The word is of Toubou (Gara'an) origin and is pronounced Taraghan or Turaghan both correct, with three syllables: Tu or Ta means "land," ra refers to "inhabitants," and ghan means "small." Altogether, Turaghan or Taraghan translates to “inhabitants of the small land.”

==History==
Traghan was founded by the Saifawa dynasty around the 13th century, a remarkable feat as Traghan lies 1,380 kilometres from Njimi, the Saifawa capital. The Saifawa were said to have "gained control of the Fezzan by establishing a post in the oasis of Traghan about twenty miles east of modern Murzuk and some seventy miles west-south-west of ancient Zawila."
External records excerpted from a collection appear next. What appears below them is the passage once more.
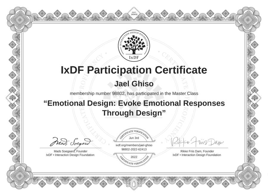 Jael Ghiso's IxDF Masterclass Certificate: Emotional Design: Evoke Emotional Responses Through Design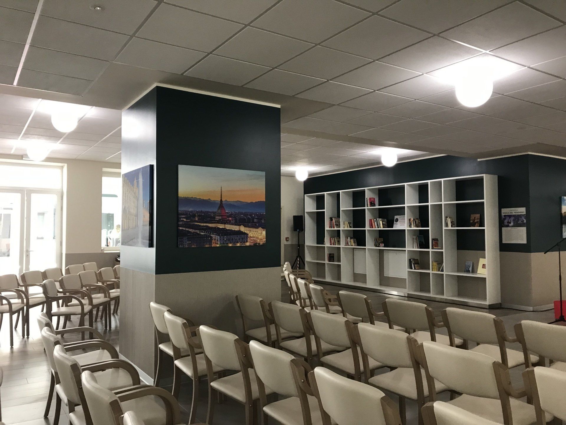 Dopo il taglio del nastro ad opera del Vice Sindaco, accompagnati dalla musica della band torinese ‘’Cinque/ottavi’’ e dalla recita di poesie dei bambini della Scuola Primaria Top School di Torino, i visitatori hanno avuto la possibilità di vistare gli spazi e gli ambienti delle RSA dove soggiorneranno gli ospiti, toccando con mano l’elevato standard tecnologico di tipo sanitario-riabilitativo ma anche servizi alberghieri di prima qualità, ammirare le soluzioni di verde verticale e il giardino pensile, una vera e propria “Galleria verde” nel cuore della città, e le tante immagini fotografiche, acquisite dal Centro Storico Fiat, che arredano le due strutture e sottolineano lo stretto legame con la città di Torino e la sua storia.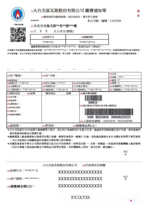 Taiwan gas utility bill in PSD format download template file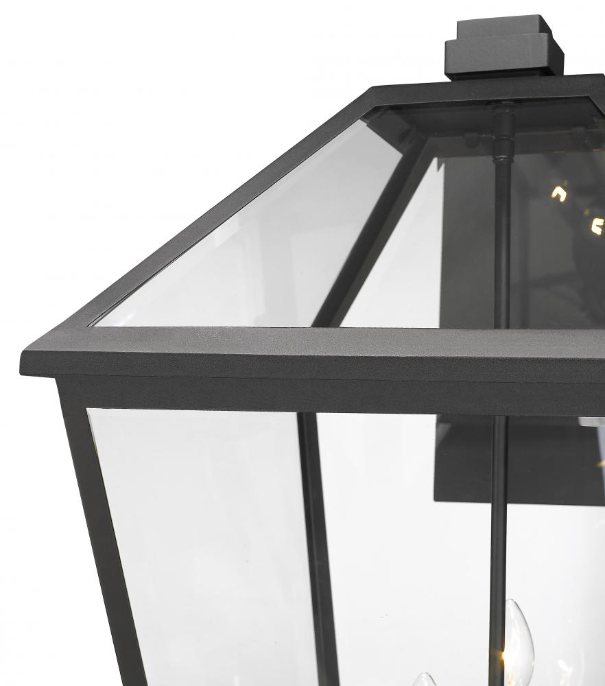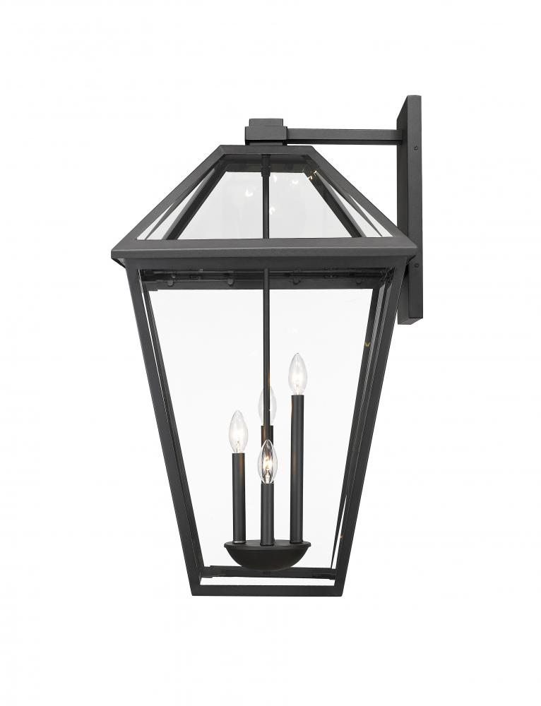 Bring a transitional and industrial inspiration to exterior spaces with the dynamic design of the Talbot four-light outdoor wall sconce. Illuminating a porch or deck with this tasteful fixture, it offers a lantern-like silhouette with a hint of village charm. A black finish stainless steel nestles panels of clear glass, offering a full view of clustered slender bulb mounts, creating a symmetrical look that adds class.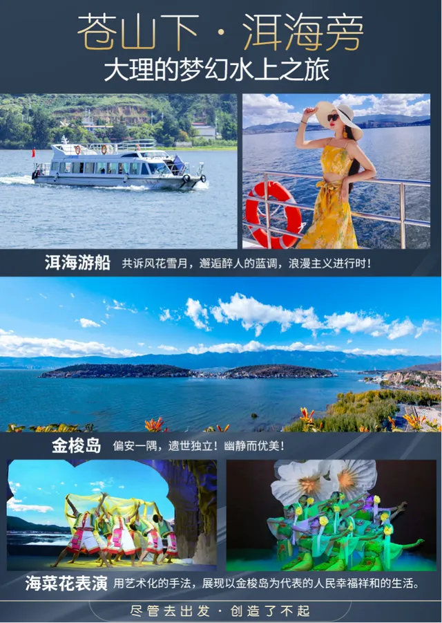 下午乘坐【游船】登岛【金梭岛】。大理金梭岛龙宫素有 “洱海明珠”之称,因岛形像一只织布用的梭子而得名,在青翠的苍山和风光秀美的洱海之间,显得尤其妩媚动人。【龙宫灯光秀】进入龙宫,仿佛打开了另一个神奇的世界,五彩斑斓的灯光科技感十足,走在里面如同探险一般伸手就能碰到悬挂在半空中的石柱,其形状与纹路都美得让人心醉,有的晶莹剔透,有的泛着多种彩光。观赏【海菜花表演】《海菜花》以只能生长在洁净的海菜花为主题,以金梭岛渔民世世代代在洱海打鱼、捕捞、航运的生活习俗为依托,用艺术化的手法,展现了以白族人民幸福祥和的生活,以及保护洱海、爱护环境,人与自然和谐共处的美好画卷。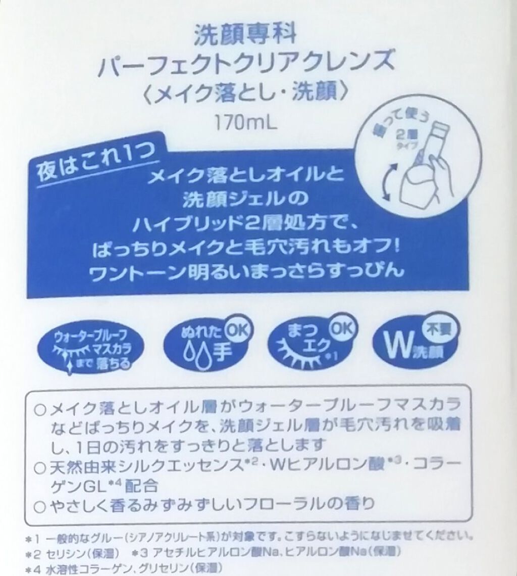 - メイク落としオイルと洗顔ジェルのハイブリッド2層処方で”オイル並みの洗浄力”と”洗顔並みのさっぱり感”を叶え、ワントーン明るいまっさらすっぴん。 ○メイク落としオイル層がウォータープルーフマスカラなどばっちりメイクを、洗顔ジェル層が毛穴の皮脂汚れを吸着し、1日の汚れをすっきりと落とします。 ○天然由来シルクエッセンス*2・Wヒアルロン酸*3・コラーゲンGL*4配合 ○やさしく香るみずみずしいフローラルの香り ○アルコールフリー・アレルギーテスト済み*5 *2 セリシン(保湿) *3 アセチルヒアルロン酸 Na、ヒアルロン酸 Na(保湿) *4 水溶性コラーゲン、グリセリン(保湿) *5 全てのかたにアレルギーが起きないというわけではありません。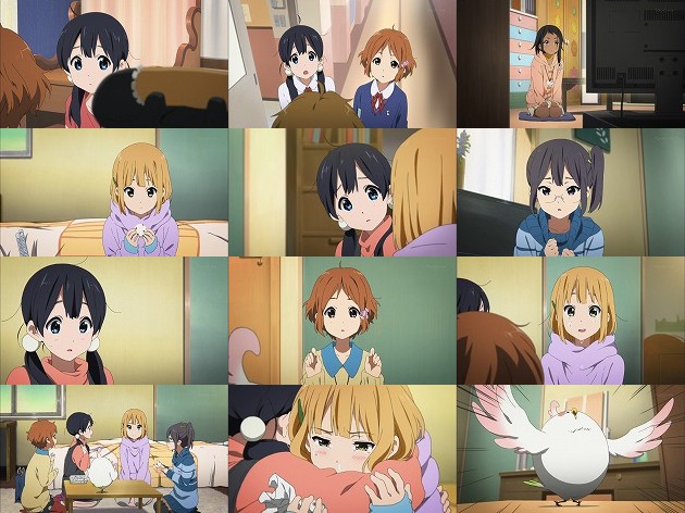 お見舞いの豆大福を差し入れながらみどりの悩みを聴くたまこですが、みどりはなかなかその理由を言い出せず・・・。しかしここでかんながみどりのトイレでの発言と、部屋のゴミ箱に大量に突っ込まれている振り付け案のボツ案を提示し、直球でぶつかって来たことからみどりは遂に振り付けが全く出来ていない事を告白。明るく道化っぽく話すみどりですが、その瞳からは涙がポロポロとこぼれ落ち、鼻水まで垂れ下がり・・・。そんなみどりを優しく抱き締めるたまこ。みどりの悩みに気付いてあげられなかった事を詫びるたまこに、更に涙と鼻水が止まらないみどり。このボロボロの表情はまさに京アニの泣きの真髄ですな。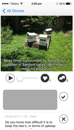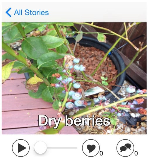 The recorded audio component of a story was not required, and consequently only two participants created a recording as part of their story. For those who did not record, there were multiple reasons related to familiarity of the media type (P2), and consideration for who the audience might be (P1). It is interesting to explore why people prefer different multimedia types. During the interview P1 explained in detail the story of when he first got the blueberry plant, moving it to different locations on his veranda for more or less sun, shifting it to a larger pot as he thought it was root-bound setting up an irrigation system to help automate his gardening process, and his thoughts on why the plant was unwell. The reservation to record audio was not that he was unable to provide detail for his story, but rather the recording and sharing of his voice, which he considered more personal. I inquired whether a speech-to-text service would be preferable and he expressed two reservations—the quantity of text would still be difficult to edit, and the way he talks is different to the way he writes. P1 would prefer to story sync to his desktop computer, and provide a detailed description to accompany the story, which would be feasible given cloud storage, and the flexibility of the development framework.

Traghan was approached by western explorers on 29 November 1822. In the late 1820s, Traghan was described as formerly as considerable a place as Murzuk; And was, about sixty years ago, the residence of a sultan, who governed eastern Fezzan. It was described as being in a flat, desert plain, with gardens and date groves. It contained four mosques with small mud minarets and houses that were mostly large but in ruin. The population in the late 1820s was estimated to be 500-600 but it had previously been far more populous. Major Denham noted that the people of Traghan were exceptionally skilled in carpet making and their carpets rivaled those of Constantinople. Hugh Murray later noted its fine carpets in the early 1850s.

The town was the site of a battle between the Libyan National Army and Chadian militants in 2018 during the Second Libyan Civil War.